Now, we have to pick up our bunnies sometimes, but don't be surprised if they give a big thump after you set them back down. Rabbits sure do love to show their disapproval! Rather than forcing your bunny to cuddle, get down on the floor and let your bunny come to you. Many rabbits will learn they can hop right up on your lap and receive plenty of pets without that scary constrained feeling they get when held. Unfortunately, most folks don't realize this when they buy bunnies for their children. They think the rabbit is simply unfriendly if it tries to kick or scratch to get away, when the rabbit is simply doing what is natural for it.
#2 - Rabbits are smelly and messy
Many people, when thinking of a pet rabbit, imagine a small wire cage with a pan at the bottom filled with wood shavings. They also imagine the hassle and smell this arrangement creates. What many would-be bunny owners don't realize is that rabbits can very easily be litter-trained. They will naturally choose a particular corner to do their business in, so once they've made that obvious to you, simply place a litter box filled with wood or recycled paper pellets in their designated toilet area. Sometimes, it takes a little work to keep them consistent, but it keeps things cleaner for your bunny, and makes cleanup time far easier for the owner.

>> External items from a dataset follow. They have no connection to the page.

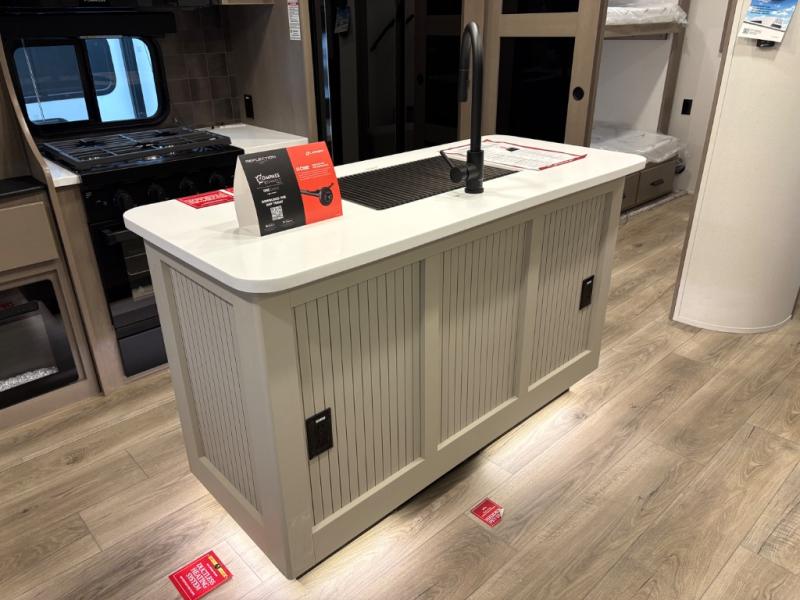 With any Reflection fifth wheel by Grand Design, you will have a solar panel for off-grid camping and a 60 amp charge controller and inverter prep, a Universal All-In-One docking station, unobstructed pass-through storage, and Goodyear Endurance tires. Each is constructed of gel coat exterior sidewalls, residential 5" truss rafters, walk-on roof decking, a fiberglass and radiant foil roof and front cap insulation plus laminated aluminum framed side walls, roof and end walls in slide rooms. Head inside to enjoy residential hardwood cabinet doors, premium Congoleum flooring, a spacious shower with a glass door, and many more comforts!
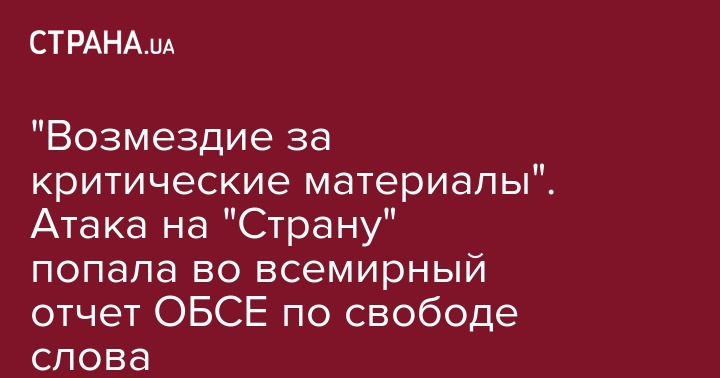 "События вокруг средства массовой информации могут быть возмездием за критический характер материалов Strana.ua, в том числе в отношении высокопоставленных правительственных чиновников", - пишет в отчете представитель ОБСЕ по свободе прессы Арлем Дезир.
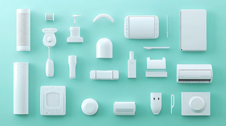 A visually striking collection of minimalistic white home appliances and gadgets arranged on a soft turquoise background, showcasing modern design and functionality.

#3 - Rabbits can live outside
While a rabbit technically can survive in an outdoor hutch, it honestly isn't a good idea. Potential dangers abound when a bunny is kept outdoors. Everything from freezing on a particularly cold to getting fleas, ticks, or mites can make your bunny gravely ill. When people keep rabbits outside and find they die very young (within a few years, as opposed to seven years or more when kept inside), they give up on rabbits altogether. They think keeping the rabbit in the house is either too much work or too much mess (see also: #2). This is not the case. Bring your bunny indoors, and only let her out on nice days when she's got a harness with a human on the other end of the leash.

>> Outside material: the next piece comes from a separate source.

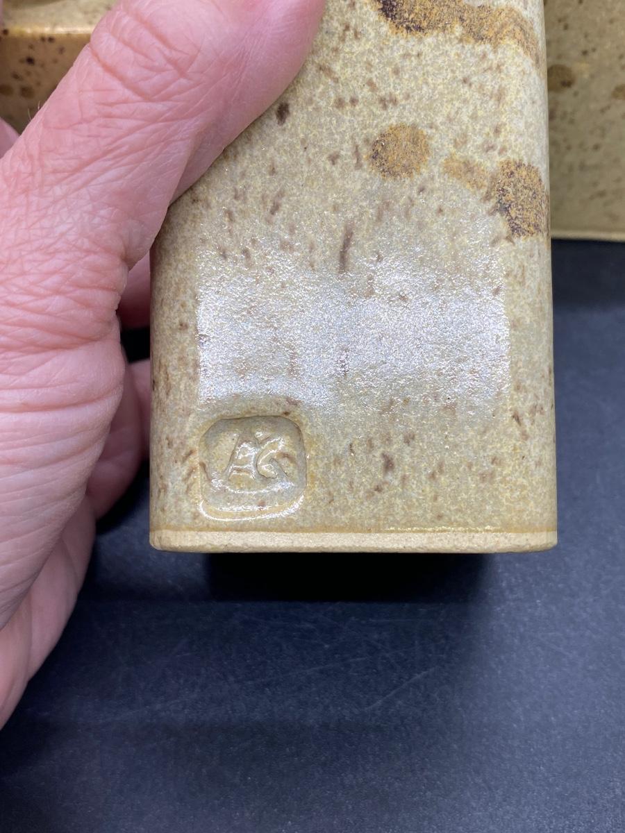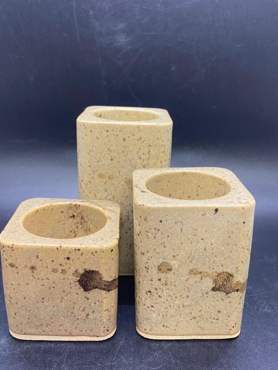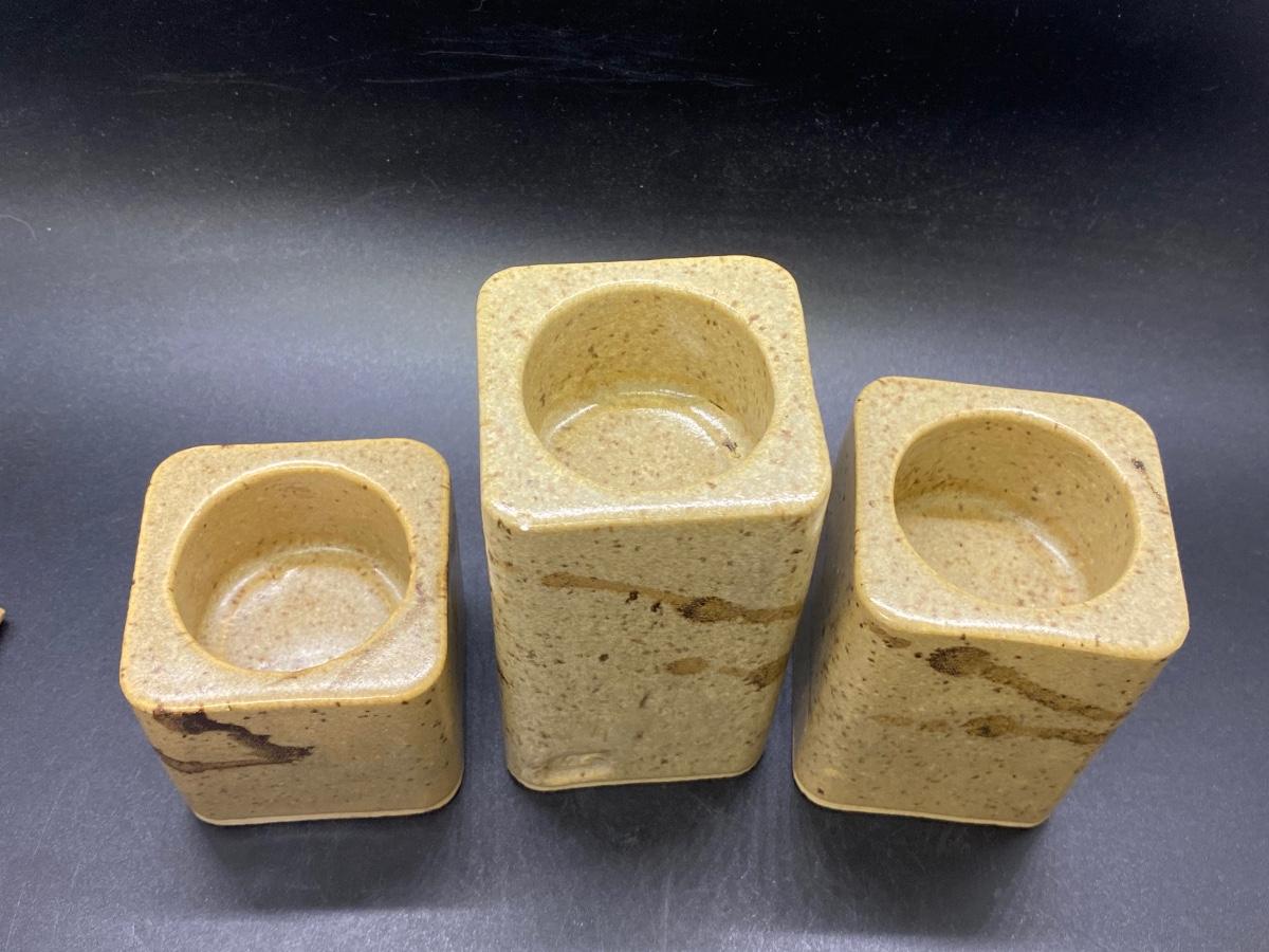 Lot of Heavy Ceramic Candle Holders, there is no significant damage to the candle holders and is in good displayable condition. There is an artist stamp on the side at the bottom of one. Check pictures for more details and for sizing.

#4 - Rabbits can't be kept with dogs or cats
While every animal is different, most experienced house rabbit humans will tell you that most cats and many dogs won't bother your bunny. Though you should introduce them slowly at first, in case a problem were to arise, many bunnies will become fast friends with their canine and feline housemates. Most cats won't view a rabbit as prey, simply because they are too dangerous. In the wild, only a desperate cat would expend that much energy and risk being seriously injured when the rabbit decides to fight back by kicking the cat in the face. While you should be cautious with hunting breeds and terriers when you first introduce them to your rabbit, even they will often be fine with Bun-Bun. Again, never let your cat or dog and your new rabbit out together before carefully gauging their reactions!

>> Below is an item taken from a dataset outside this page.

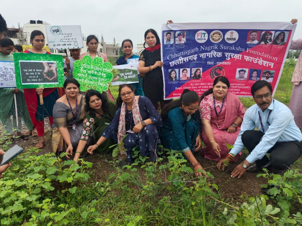 इस अवसर पर नागरिक सुरक्षा सेवा फाउंडेशन के समस्त पदाधिकारियों ने मिलकर वृक्षारोपण कर पर्यावरण के प्रति अपनी प्रतिबद्धता दिखाई। कार्यक्रम में मुख्य रूप से वरिष्ठ प्रदेश उपाध्यक्ष डॉ. गुरप्रीत कौर छाबड़ा, दिव्यांगजन हॉस्पिटल के एडमिन श्री नितिन देवांगन, राजनांदगांव जिला अध्यक्ष श्री राजीव कुमार श्रीवास्तव, महिला विंग (WC) की जिला अध्यक्ष श्रीमती मधुबाला श्रीवास्तव, उपाध्यक्ष डॉ. तरुण रामटेके, महिला विंग की जिला उपाध्यक्ष श्रीमती रेणुका साहू, महिला विंग की जिला महासचिव श्रीमती रितु रायजादा, महिला विंग की जिला सचिव श्रीमती विनोदिनी मारकंडे, जिला सचिव श्री अभिषेक श्रीवास्तव, जिला मीडिया प्रभारी श्री अंकित बालाजी, तथा जिला विधिक सलाहकार श्रीमती कुसुम दुबे की गरिमामयी उपस्थिति रही।
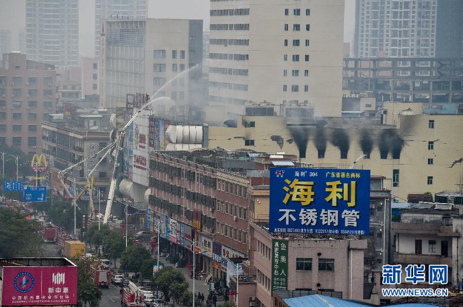 2月5日13时51分,广东省惠州市惠东县平山街道办惠东大道义乌商品城4楼仓库着火。该商场为4层钢筋混凝土结构,总建筑面积15000平方米。其中,1至3层经营餐饮和日用百货,4楼为电影院和仓库,着火部位位于4层中庭附近。新华社记者 毛思倩 摄

#5 - Rabbits are easy, low-maintenance pets
Rabbits are work. Though they don't need a walk everyday like a dog, they need to be let out for at least an hour or two daily to stretch those big bunny legs. They need to be brushed frequently, especially during one of the three yearly shedding seasons. Rabbits can't cough up hairballs like cats, so if they ingest too much hair, it can cause a blockage in their intestines that has to be surgically removed. They need a serving of pellets and a constant supply of timothy hay and water, and though they aren't rodents (they're lagomorphs―look it up!), their teeth are constantly growing, so they need some wood toys to chew on. They need veterinary care provided by a rabbit-experienced veterinarian, with yearly checkups and trips to the vet if anything seems amiss. Plus, being prey creatures in the wild, they won't often show signs of illness, until it has significantly progressed, lest they want to show their obvious weakness to potential predators.
All of these things have to be taken into consideration. In fact, if you ask me, rabbits are much more work that cats. When you let them out for playtime, you have to keep an eye out for dangerous or destructive behavior like digging the carpet, gnawing on furniture, or chewing up electrical cords. While rabbit-proofing your bunny's play area by wrapping up cords and using Bitter Apple spray as a deterrent on furniture can certainly help, it's still best if you're in the same room. NEVER let your bunny out when you're not home. It's dangerous for both Bunny and your stuff.
The Truth!
Despite all this misinformation, rabbits really are wonderful pets, and if you're up for the challenge of bringing one into your home, do some research so you can be fully prepared. Try to adopt a homeless rabbit from a local shelter or rescue, rather than picking one out at the pet store. Sure, they might not be tiny baby bunnies, but babies grow into adult rabbits very quickly. I love my bunnies, even though I once believed many of these myths myself.
Now that you know the truth, are you ready to open your heart and home to let a sweet bunny rabbit hop on in? I sure do hope so, and I'm sure all the homeless rabbits out there do, too!